Joey: All right. I'll give you one hint. Warren Beatty.
Joey: Can you believe that? Me, not a good kisser. That's like, like Mother Theresa, not a good mother.
Rachel: I cannot believe I have to walk down the aisle in front of 200 people looking like something you drink when you’re nauseous.
Ross: I don't see why we have to go to this thing anyway, it's your ex-fiancé’s wedding.
Rachel: Because I promised Mindy I would.
Monica: Yeah, well you promised Barry, you'd marry him.
Chandler: Well, I think you should seriously consider the marriage thing, give Rachel another chance to dress up like Princess Bubble Yum.
Phoebe: We were just wondering if Chandler's girlfriend is a girl.
Joey: Oh, well. Just ask her how long she's gonna live. Women live longer than men.
Chandler: (pause) How do you not fall down more?
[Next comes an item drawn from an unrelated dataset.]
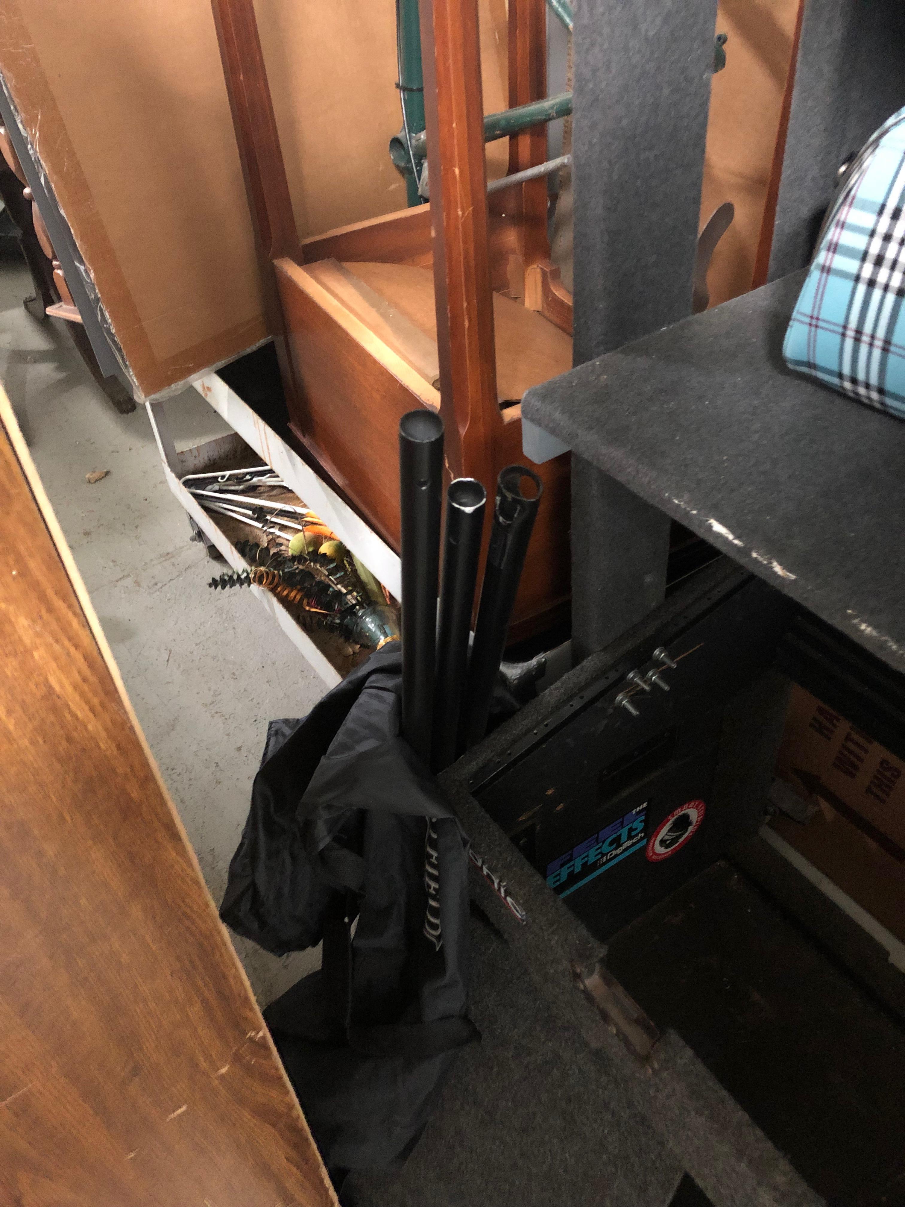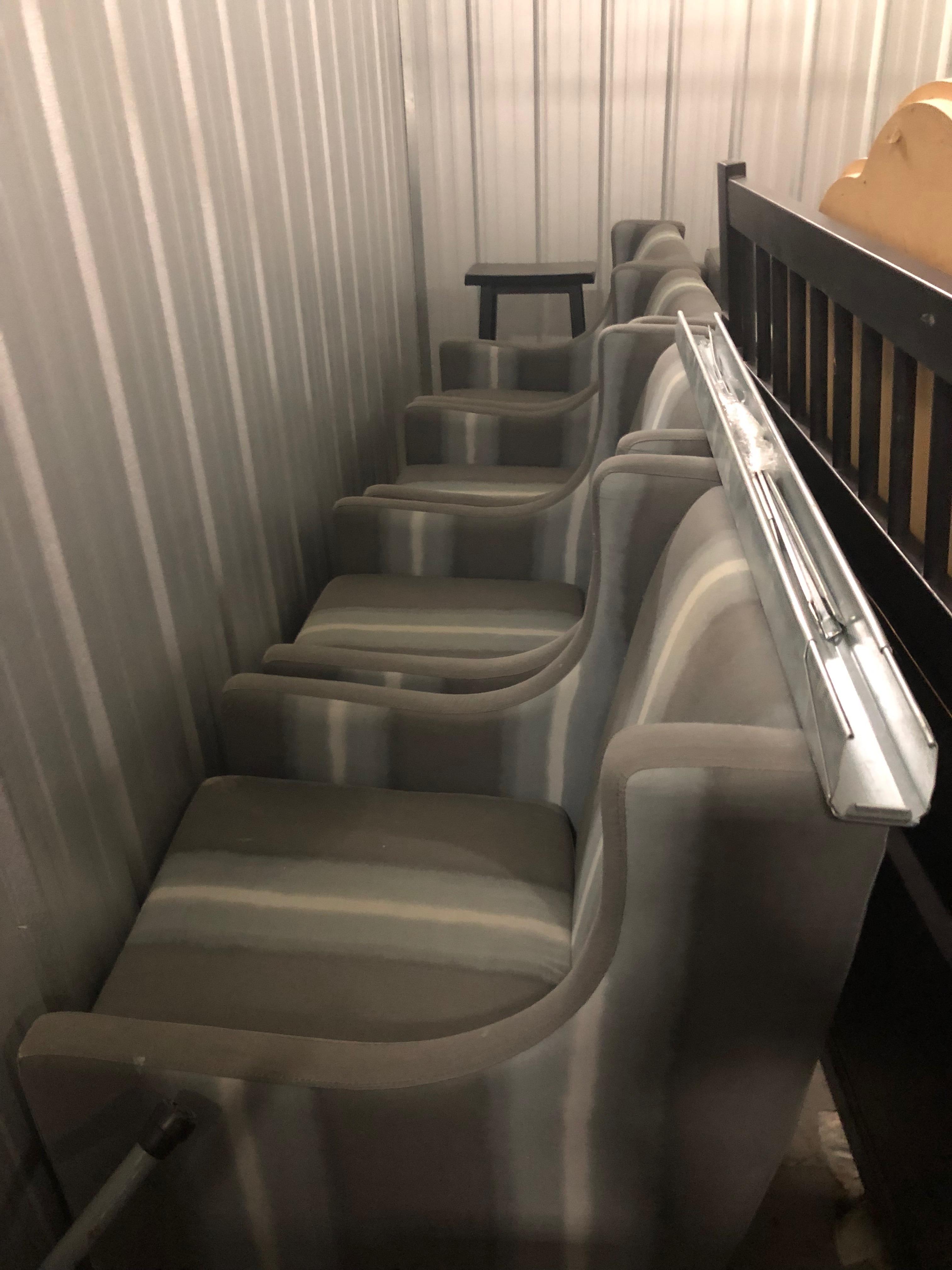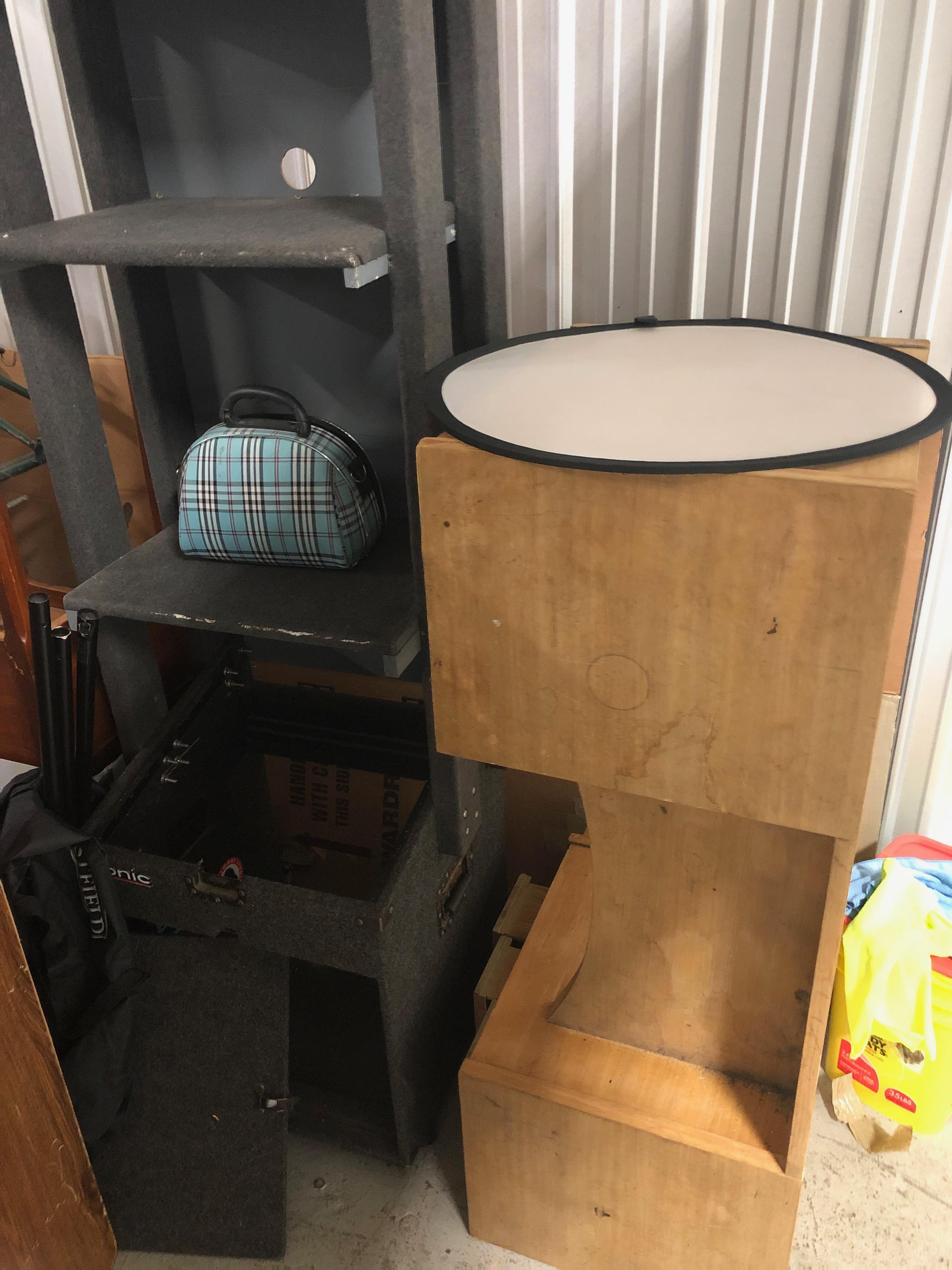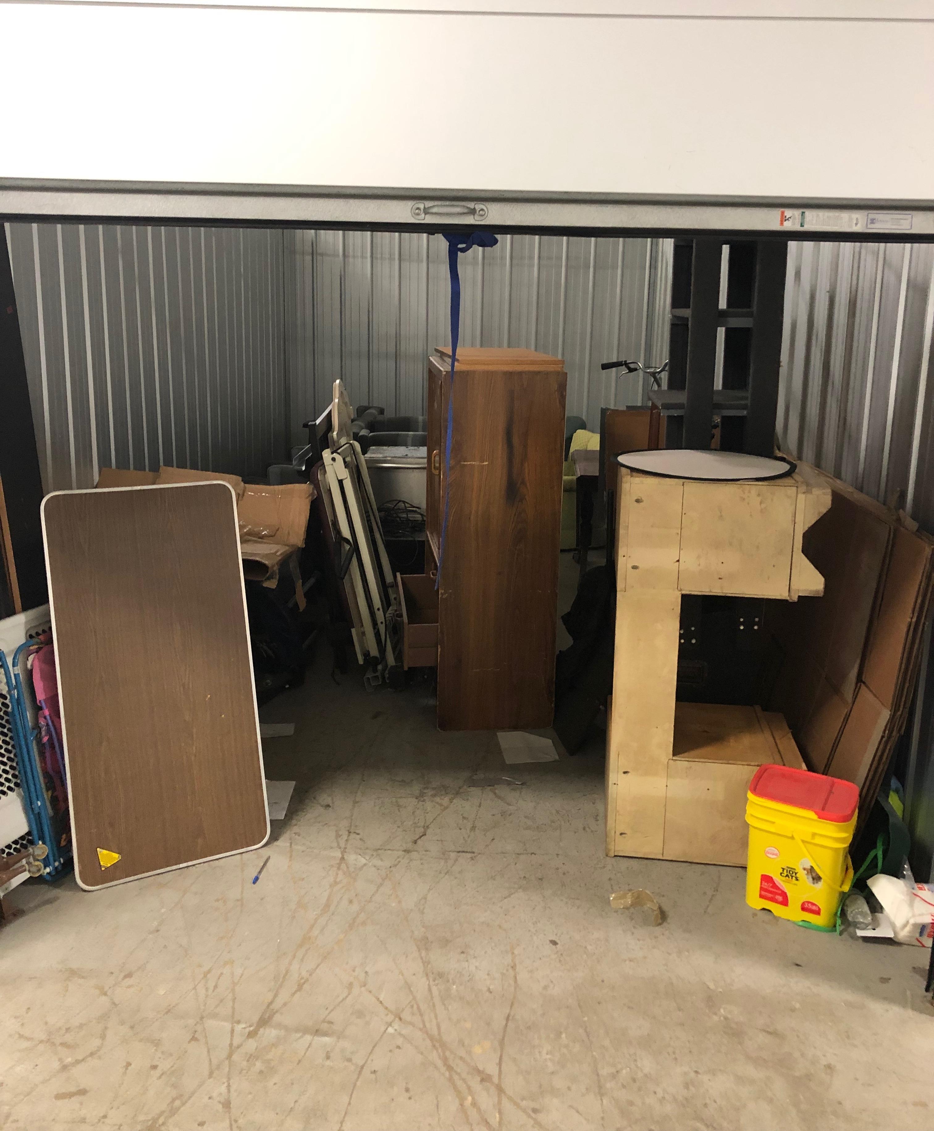 Unit Contents: Small trampoline, toys, bed frame, baby gate, folding table, desk, purse, photography reflector and tripod, suitcase, bicycle frame, chairs, end table, dining table, dishwasher, mini refrigerator, and 6 matching cushioned chairs.

Phoebe: What if the husband person is the wrong guy and you are the right guy? You don't get chances like this all the time, if you don't meet her now, you're gonna be kicking yourself when your 80, which is hard to do, and that's how you break a hip.
Rachel: You, know what Barr, I'm not gonna leave. I probably should, but I'm not. See 'cause I promised myself I would make it through at least one of your weddings.
Phoebe: Chandler, you gotta stop staring at the door. It's like a watched pot, you know? If you keep looking at it then the door is to, never gonna boil.